RECORDS FOR THIS TASK:
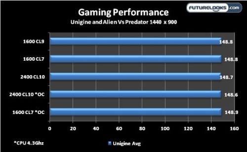 Memory frequencies alone had no effect on the frame rates. The video cards are doing all the work. Depending on the game title, overclocking the CPU can typically creates some gains. If you’re just gaming and have no plans to push your CPU and memory in unison, you’re better off buying some TridentX 1600MHz memory, and saving the money for another game title.
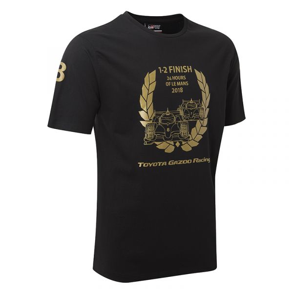 A classic fit black crew neck t-shirt featuring in gold the TOYOTA HYBRID TS050 No.8 and No.7 Le Mans podium winning cars driving through the winning laurels.
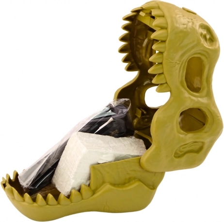Întregul set este plasat într-un craniu de dinozaur din plastic, care îndeplinește o dublă funcție: este un recipient de depozitare practic și o decorațiune stilată, ideală pentru a fi așezată în camera micului fan al dinozaurilor. Astfel, setul oferă nu doar distracție de durată, ci și un element decorativ atractiv.
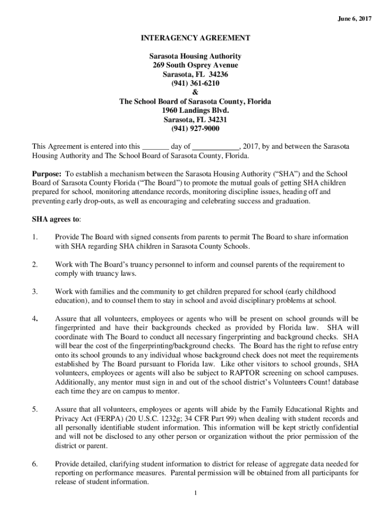 June 6, 2017INTERAGENCY AGREEMENT Sarasota Housing Authority 269 South Osprey Avenue Sarasota, FL 34236 (941) 3616210 & The School Board of Sarasota County, Florida 1960 Landings Blvd. Sarasota, FL
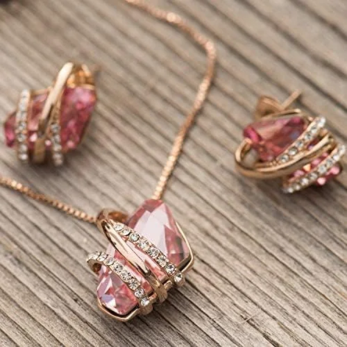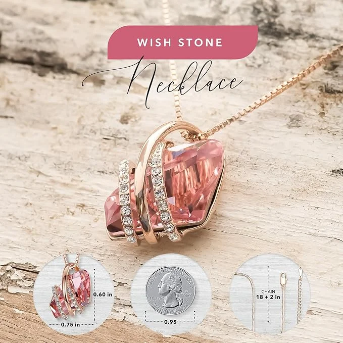 Wish Stone Pendant Necklace, Necklaces for Women with Birthstone Crystals, Allergy-Free Jewelry for Women with Gift Box, 25K Rose Gold Plated or Silver-tone Birthstone Necklace for Women-10-October Birthstone-Vintage Pink
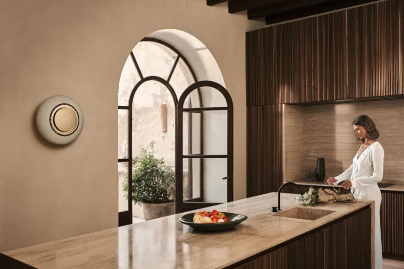 Horizon“地平线”系列无线蓝牙音箱不仅仅是音响设备,智能交互体验同样令人赞叹。内置的AuraControl™系统配备了100个隐藏LED灯、接近传感器与环境光传感器,用户只需靠近设备,便会自动激活,灯光也会随着音乐律动。通过简单触摸中置低音单元周围的光圈,便可轻松调整音量,清晰显示当前音量等级,为用户带来直观而优雅的操控体验。整个互动过程无缝衔接,极具科技感与未来感。

YOUR OBJECTIVE: Give back the material exactly as written, from its first line to the line that contains "A classic fit", and leave out the pictures.

ANSWER SPACE:
 Memory frequencies alone had no effect on the frame rates. The video cards are doing all the work. Depending on the game title, overclocking the CPU can typically creates some gains. If you’re just gaming and have no plans to push your CPU and memory in unison, you’re better off buying some TridentX 1600MHz memory, and saving the money for another game title.
 A classic fit black crew neck t-shirt featuring in gold the TOYOTA HYBRID TS050 No.8 and No.7 Le Mans podium winning cars driving through the winning laurels.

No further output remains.